Received for publication, October 11, 2005 , and in revised form, February 9, 2006.

	ABSTRACT

TOP ABSTRACT INTRODUCTION EXPERIMENTAL PROCEDURES RESULTS DISCUSSION REFERENCES

 
Adaptation of the halotolerant alga Dunaliella salina to iron deprivation involves extensive changes of chloroplast morphology, photosynthetic activities, and induction of a major 45-kDa chloroplast protein termed Tidi. Partial amino acid sequencing of proteolytic peptides suggested that Tidi resembles chlorophyll a/b-binding proteins which compose light-harvesting antenna complexes (LHC) (Varsano, T., Kaftan, D., and Pick, U. (2003) J. Plant Nutr. 26, 2197-2210). Here we show that Tidi shares the highest amino acid sequence similarity with light-harvesting I chlorophyll a/b-binding proteins from higher plants but has an extended proline-rich N-terminal domain. The accumulation of Tidi is reversed by iron supplementation, and its level is inversely correlated with photosystem I (PS-I) reaction center proteins. In native gel electrophoresis, Tidi co-migrates with enlarged PS-I-LHC-I super-complexes. Single particle electron microscopy analysis revealed that PS-I units from iron-deficient cells are larger (31 and 37 nm in diameter) than PS-I units from control cells (22 nm). The 77 K chlorophyll fluorescence emission spectra of isolated complexes suggest that the Tidi-LHC-I antenna are functionally coupled to the reaction centers of PS-I. These findings indicate that Tidi acts as an accessory antenna of PS-I. The enlargement of PS-I antenna in algae and in cyanobacteria under iron deprivation suggests a common limitation that requires rebalancing of the energy distribution between the two photosystems.

	INTRODUCTION

TOP ABSTRACT INTRODUCTION EXPERIMENTAL PROCEDURES RESULTS DISCUSSION REFERENCES

 
Iron is recognized as a major limiting element for photosynthesis, both in higher plants and in marine phytoplankton. Consequently, iron limitation can cause serious losses of agricultural productivity and affect oceanic carbon assimilation (1, 2). The photosynthetic apparatus represents one of the most iron-enriched cellular systems and therefore is highly vulnerable to iron limitation. Iron deficiency in photosynthetic organisms is manifested by the development of chlorosis (loss of chlorophyll), which is accompanied by loss of photosynthetic components and by inhibition of photosynthetic electron transport reactions (3). Recent studies, mostly carried out in cyanobacteria and in algae, show that photosystem I (PS-I)³ is the primary target to be affected by iron limitation, probably because of its relatively high iron content (12-13 Fe/PS-I units).

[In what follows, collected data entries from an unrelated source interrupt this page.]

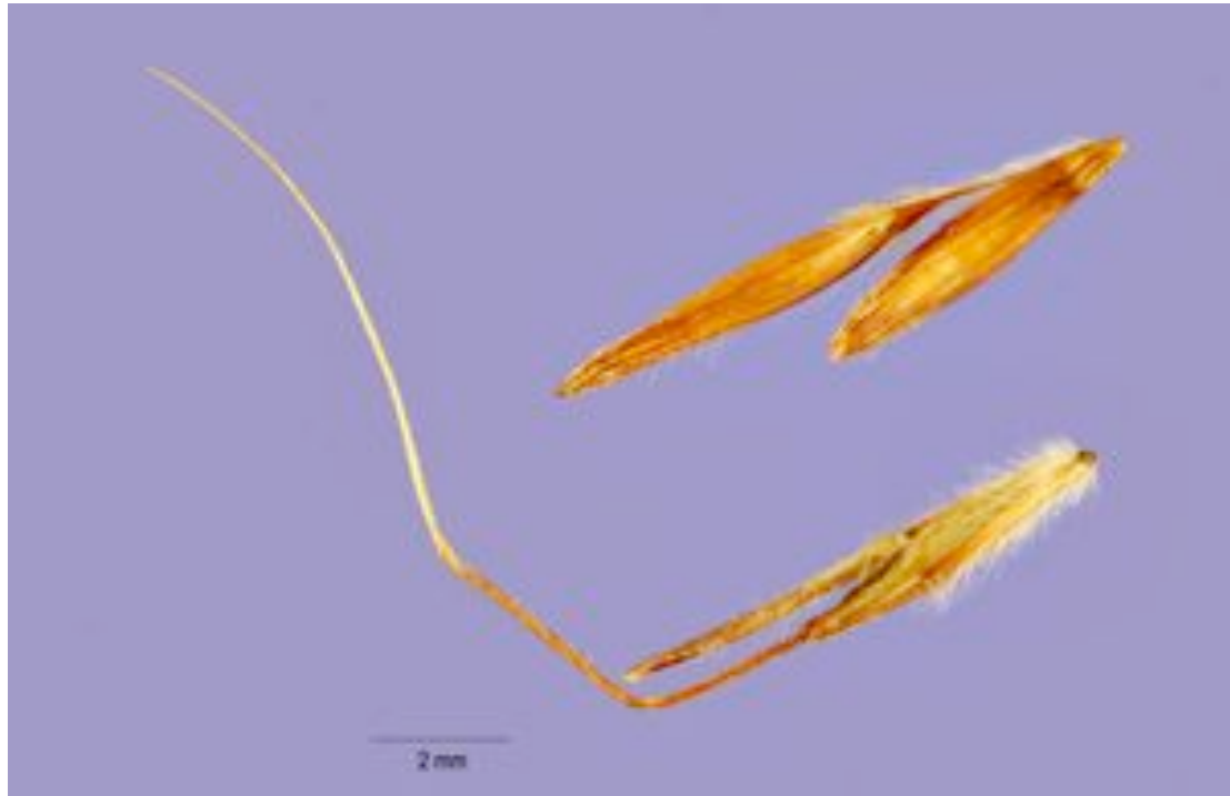
Figure 4 Seeds of Jaragua grass

humans helped Jaragua regenerate in their fields and facilitated its spread, like a rhizome, into the surrounding forest.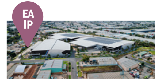
ESR Coolaroo Industry Park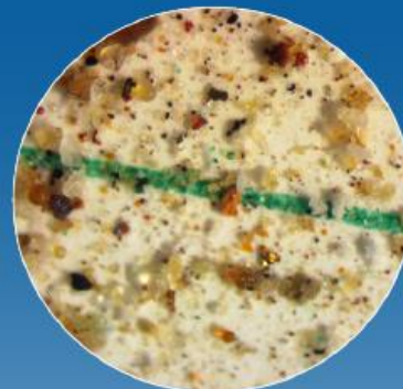
ISO CODE: 28/26/21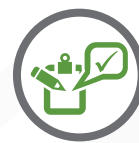
All homestays are carefully selected and visited by our accommodation team

More Info: Full board - Shared room in carefully selected homestay accommodation.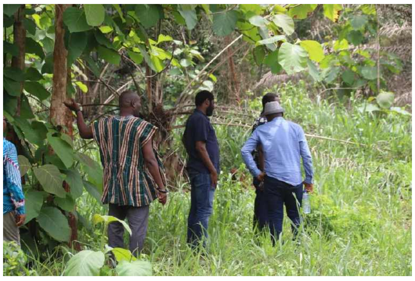
Figure 3: Field visit to understand the agro-ecological environment of the site for the project, to inform the agricultural activities to be implemented.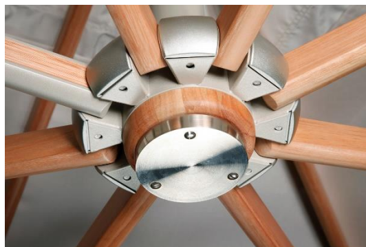
Napoli Cantilever Parasol 4 metre square (4NAC40S.302)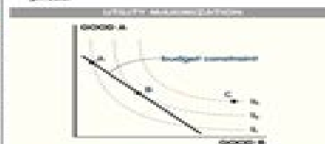
FIGURE 2 Point A is within the budget constraint but is on a lower indifference curve than point B, which is the utility maximization point. Point C is on a more desirable indifference curve but is not a possible choice because it is outside the budget constraint.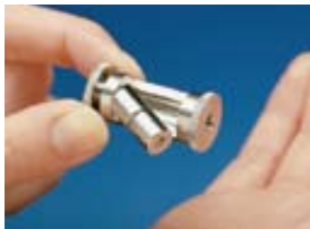
Alltech® All-Guard™ System—change cartridges in seconds without tools.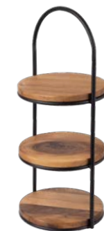
Walnut Afternoon Tea Stand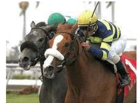
Aunt Henny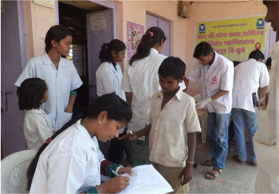
Systematic documentation of details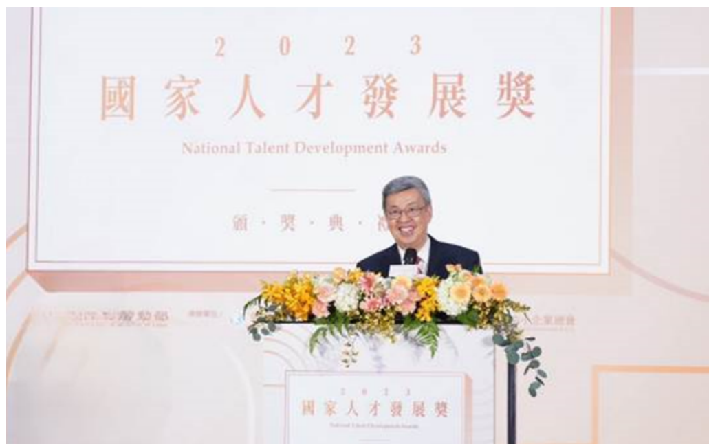
Image 15: Speech by Premier Chen Chien-Jen at the 2023 National Talent Development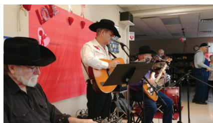
The Boursaw Brothers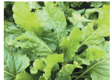
Lucento fungicide 5.5 oz. + Topsin fungicide 10 oz. (A) fb Koverall fungicide 2 lbs. + Topguard fungicide 14 oz. (B) fb Koverall fungicide 2 lbs. (C) fb Koverall fungicide 2 lbs. + Super Tin fungicide (D)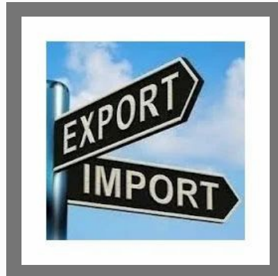
DGFT Licensing Service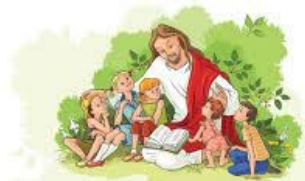
CHILDREN'S LITURGY AT SUNDAY MASS

They have written the Prayers of the Faithful and have practiced serving during the Mass with enthusiasm. If you have children in the morning session of classes, please come to this liturgy and join in celebrating with our wonderful children.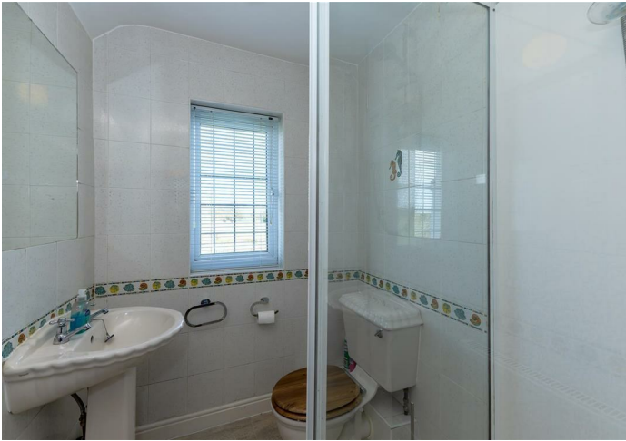
En Suite Shower Room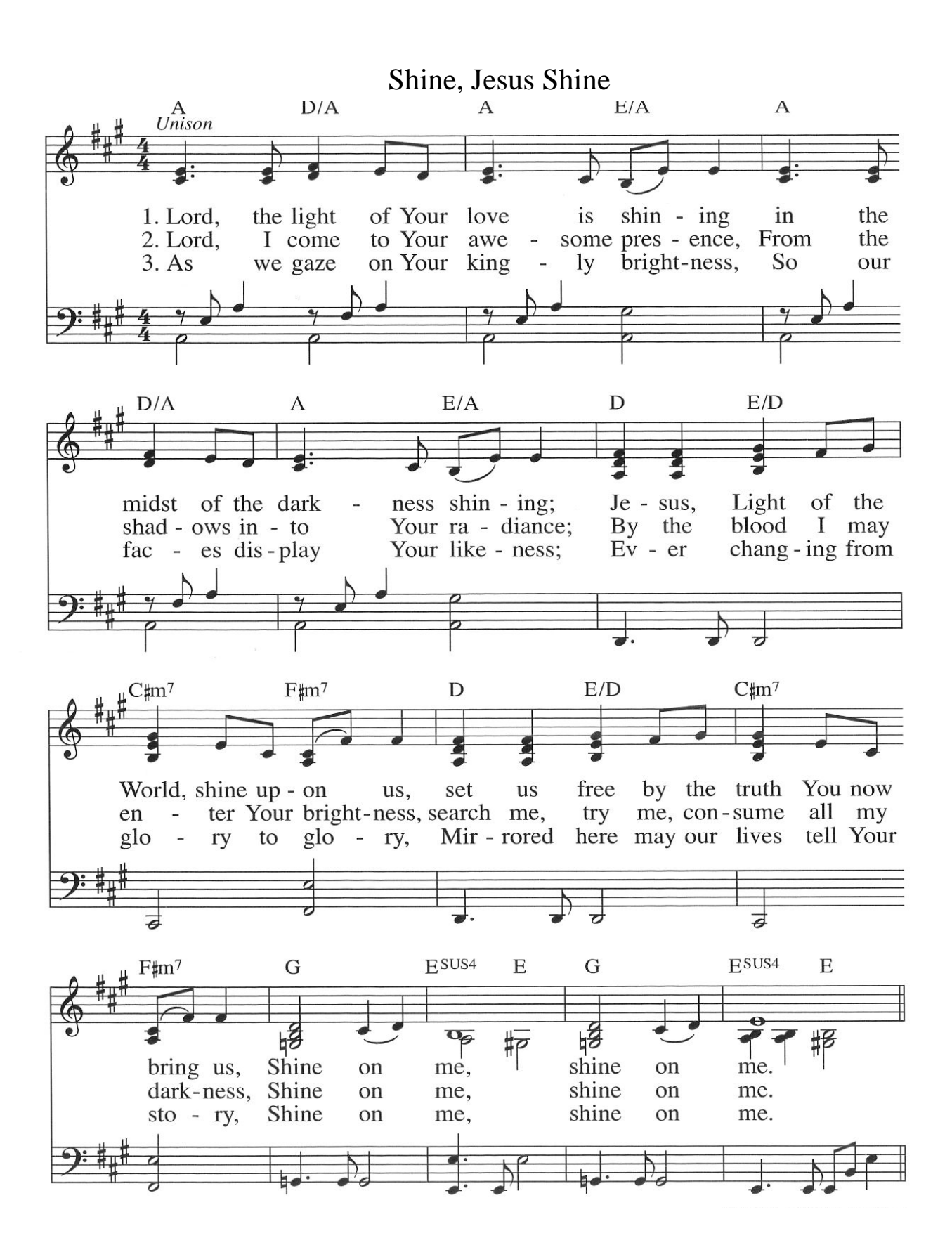
Shine, Jesus Shine" Graham Kendrick © 1987 Make Way Music All rights reserved. License #A700343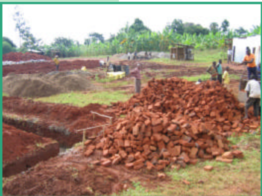
Construction of New Classroom Block

APPRECIATION FDNC is grateful to the American Jewish World Service (AJWS) and Church World Service (CWS) for the funding that enables the creation, printing, and distribution of these quarterly newsletters.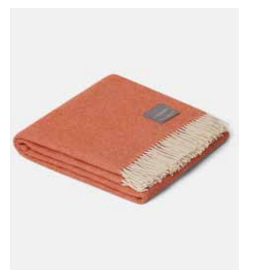
5046 Recycled Blanket Orange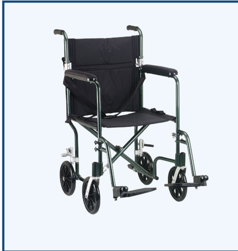
Item # FW19GR Shown

It is important for the attendant to be familiar with proper assisting procedures in any situation that requires the use of the Transport Chair. Safety is the Key consideration. Consult your physician, nurse or physical therapist to determine methods most suitable for your individual needs and abilities.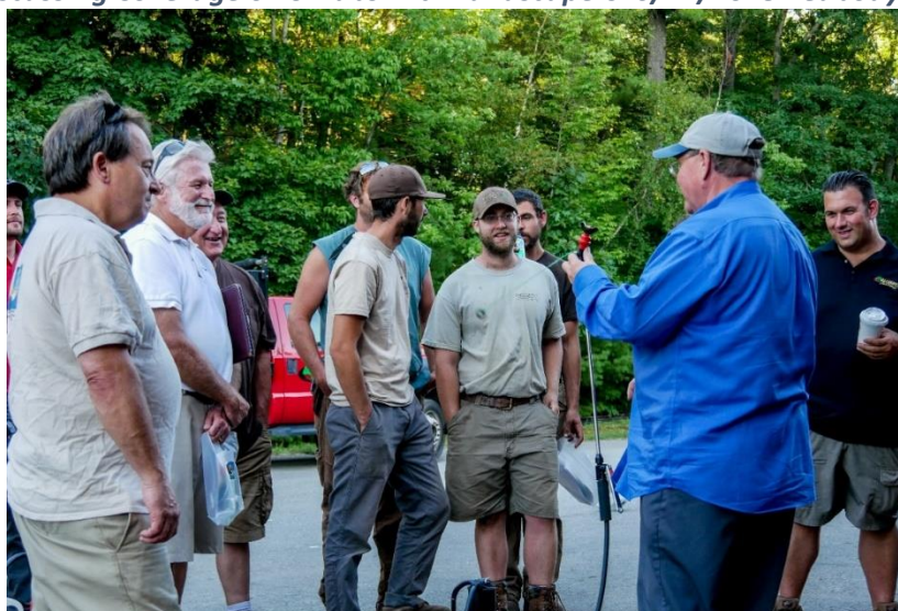
Figure 3: Discussing Control Flow Valves on a Backpack Sprayer with Landscapers. 9/19/2018 Rochester, NH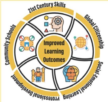
Strategic Plan 2021-2025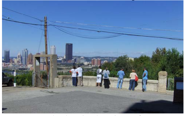
A crowd takes in the view of town.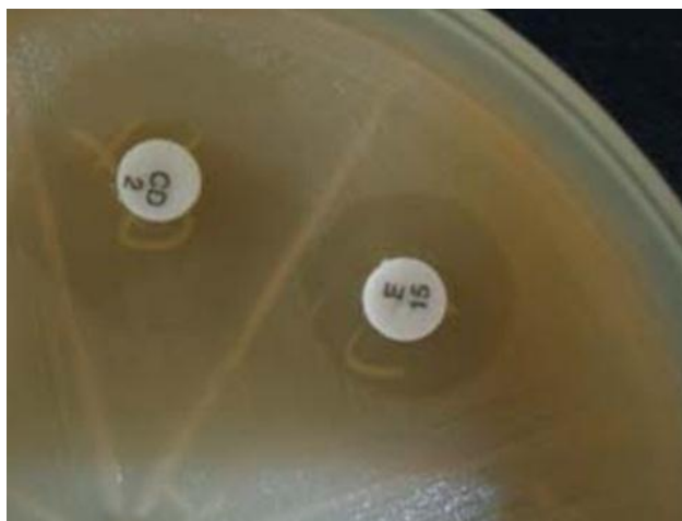
(Figure-4) Sensitive isolate. E-erythromycin 15 µg disc; CL-clindamycin 2 µg disc

In cyanobacteria, iron deficiency induces a large drop in PS-I/PS-II units ratio (reviewed in Ref. 4) and the accumulation of a major chlorophyll a-binding protein, the isiA gene product CP43' that forms an 18-subunit ring around the trimeric PS-I core. Spectroscopic evidence suggests that CP43' is functionally coupled to PS-I reaction centers, indicating that it may act as a peripheral light-harvesting antenna (5, 6). In the green alga Chlamydomonas reinhardtii, iron deprivation is associated with remodeling of PS-I, resulting in changes in the polypeptide composition of LHC-I and in a decreased efficiency of energy transfer between the light harvesting and reaction center (RC) (7, 8).

Changes in the structure and composition of PS-I under iron deprivation have been reported also in algae. In the green alga C. reinhardtii and in the red alga Rhodella violacea, iron deficiency induced uncoupling of the light-harvesting antenna, LHC-I, from PS-I reaction centers, as indicated by chlorophyll fluorescence emission measurements and by physical dissociation of PS-I units (7, 9). In C. reinhardtii, antenna proteins in the two photosystems appear to be differentially affected by iron deprivation, and although LHC-II overall abundance and composition remain fairly constant, LHC-I is down-regulated; Lhca3 undergoes N-terminal processing, and other LHC-I polypeptides are either increased or suppressed (8).

The observations that PS-I antenna are being modified under conditions of iron deprivation, which are associated with loss of chlorophyll and/or phycobiliproteins, are intriguing, and their significance is not clear. It has been proposed that the extra CP43' may compensate for the decrease in light harvesting efficiency because of degradation of phycobiliproteins (10). Alternatively, CP43' and the functional dissociation of LHC-I from RC-I in C. reinhardtii may dissipate excessive absorbed light to protect against photoinhibition (11).

In a previous work we reported that the halotolerant algae Dunaliella salina maintains photosynthetic activity and cell division even under extreme iron deprivation that causes extensive chlorosis, indicating that its photosynthetic system adapts well to conditions of iron limitation. We also reported the identification of an iron deficiency-induced thylakoid protein of 45 kDa (Tidi), which was tentatively identified as a chlorophyll a/b-binding protein (CAB) (12).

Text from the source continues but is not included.